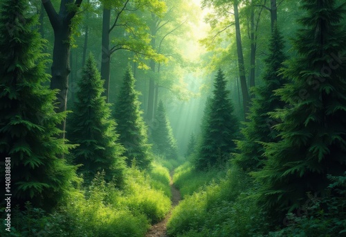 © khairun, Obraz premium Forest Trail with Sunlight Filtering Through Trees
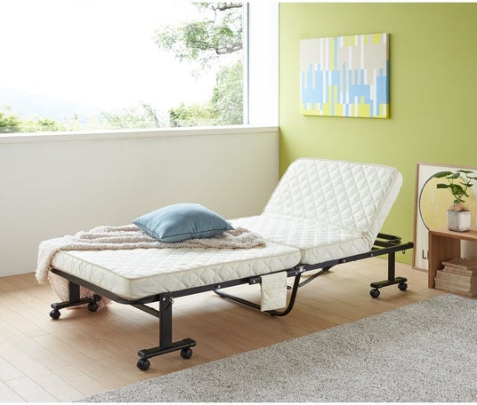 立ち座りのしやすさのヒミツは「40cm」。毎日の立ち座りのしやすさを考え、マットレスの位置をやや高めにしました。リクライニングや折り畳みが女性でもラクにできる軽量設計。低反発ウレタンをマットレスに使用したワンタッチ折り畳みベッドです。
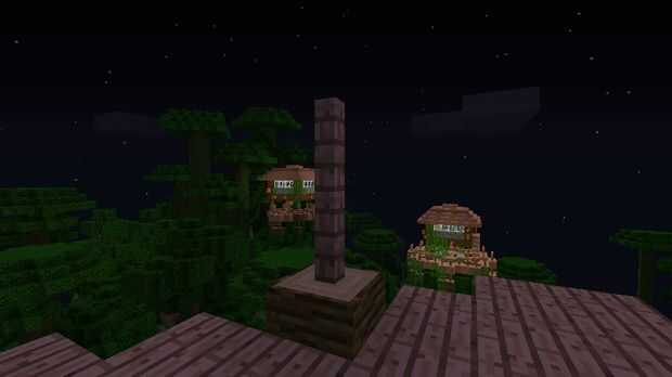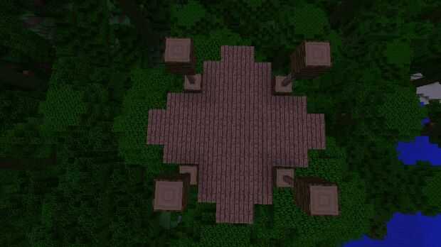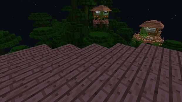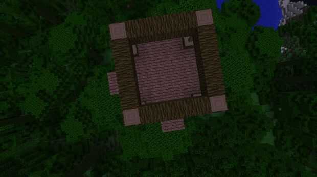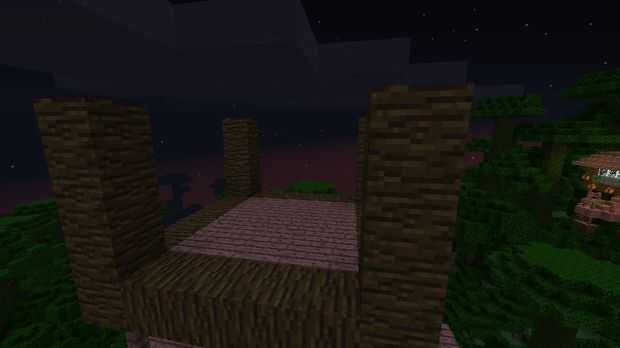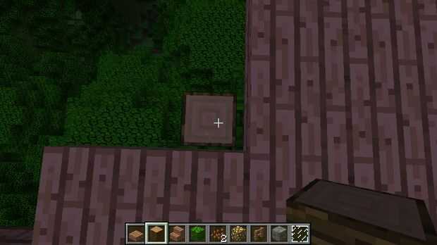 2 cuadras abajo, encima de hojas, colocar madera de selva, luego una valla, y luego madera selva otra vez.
━━━━━━━━━━━━━━━━
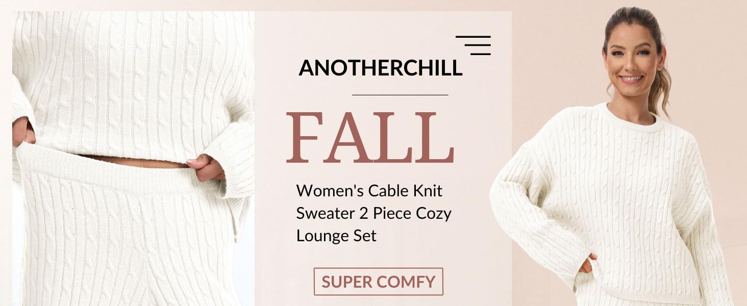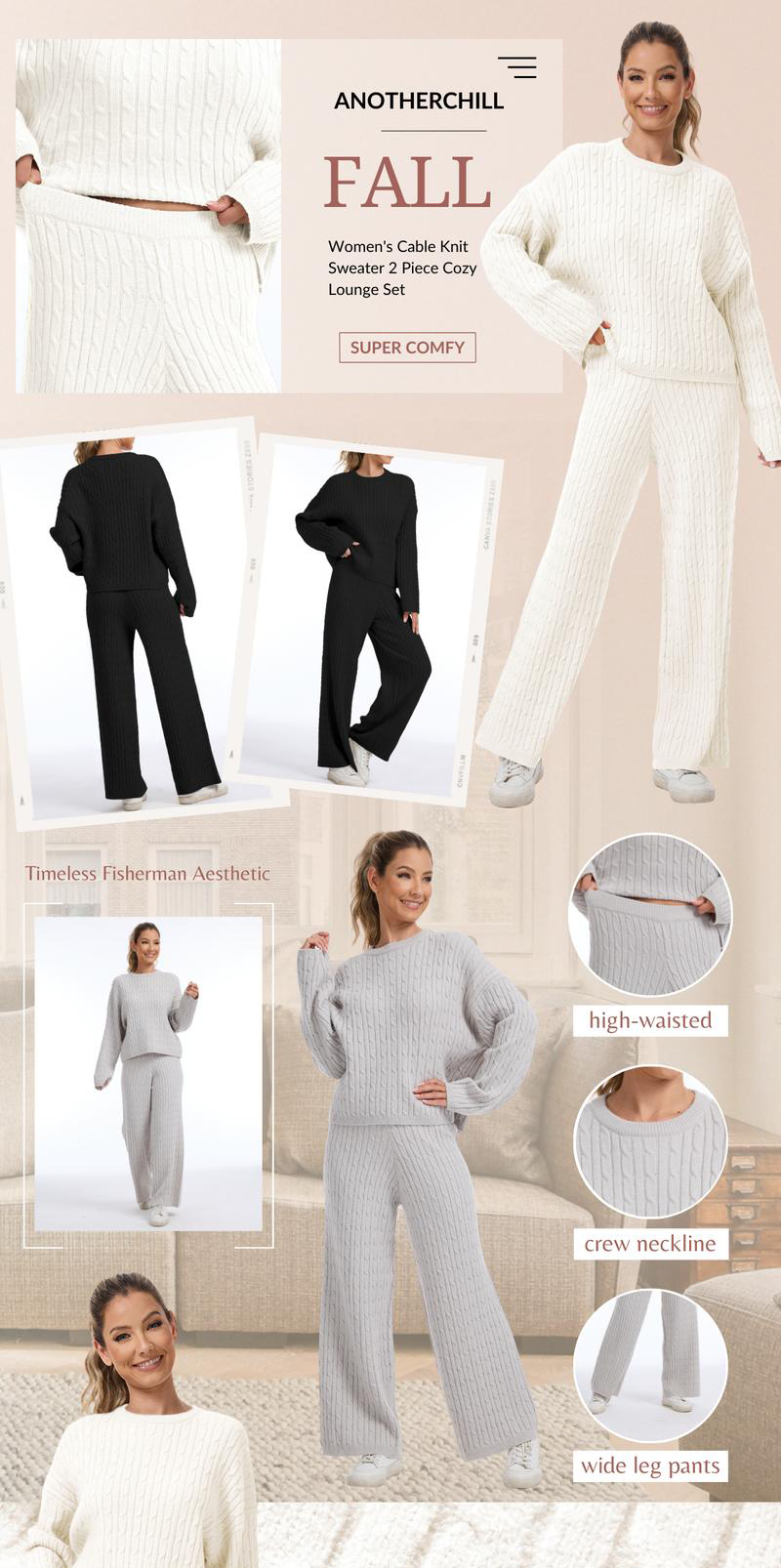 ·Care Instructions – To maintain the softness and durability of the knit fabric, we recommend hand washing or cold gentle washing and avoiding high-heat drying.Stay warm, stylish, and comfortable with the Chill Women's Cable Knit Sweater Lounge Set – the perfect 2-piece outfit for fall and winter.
━━━━━━━━━━━━━━━━
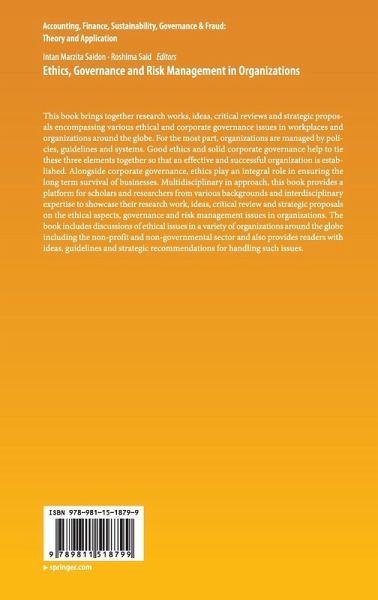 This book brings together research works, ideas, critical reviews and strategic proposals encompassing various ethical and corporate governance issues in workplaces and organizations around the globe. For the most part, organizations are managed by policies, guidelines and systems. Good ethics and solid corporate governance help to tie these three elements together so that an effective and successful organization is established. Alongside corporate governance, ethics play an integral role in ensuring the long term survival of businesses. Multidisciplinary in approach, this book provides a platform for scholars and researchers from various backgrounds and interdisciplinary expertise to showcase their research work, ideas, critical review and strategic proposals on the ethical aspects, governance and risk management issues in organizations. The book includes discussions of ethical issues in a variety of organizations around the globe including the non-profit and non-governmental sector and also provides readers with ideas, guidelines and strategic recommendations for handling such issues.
━━━━━━━━━━━━━━━━
WORK INSTRUCTION: In the records above, everything from the line with "立ち座りのしやすさのヒミツは" down to the line with "2 cuadras abajo, encima" must be duplicated exactly, both lines kept. Leave no pictures in.

TASK SOLUTION:
 立ち座りのしやすさのヒミツは「40cm」。毎日の立ち座りのしやすさを考え、マットレスの位置をやや高めにしました。リクライニングや折り畳みが女性でもラクにできる軽量設計。低反発ウレタンをマットレスに使用したワンタッチ折り畳みベッドです。
 2 cuadras abajo, encima de hojas, colocar madera de selva, luego una valla, y luego madera selva otra vez.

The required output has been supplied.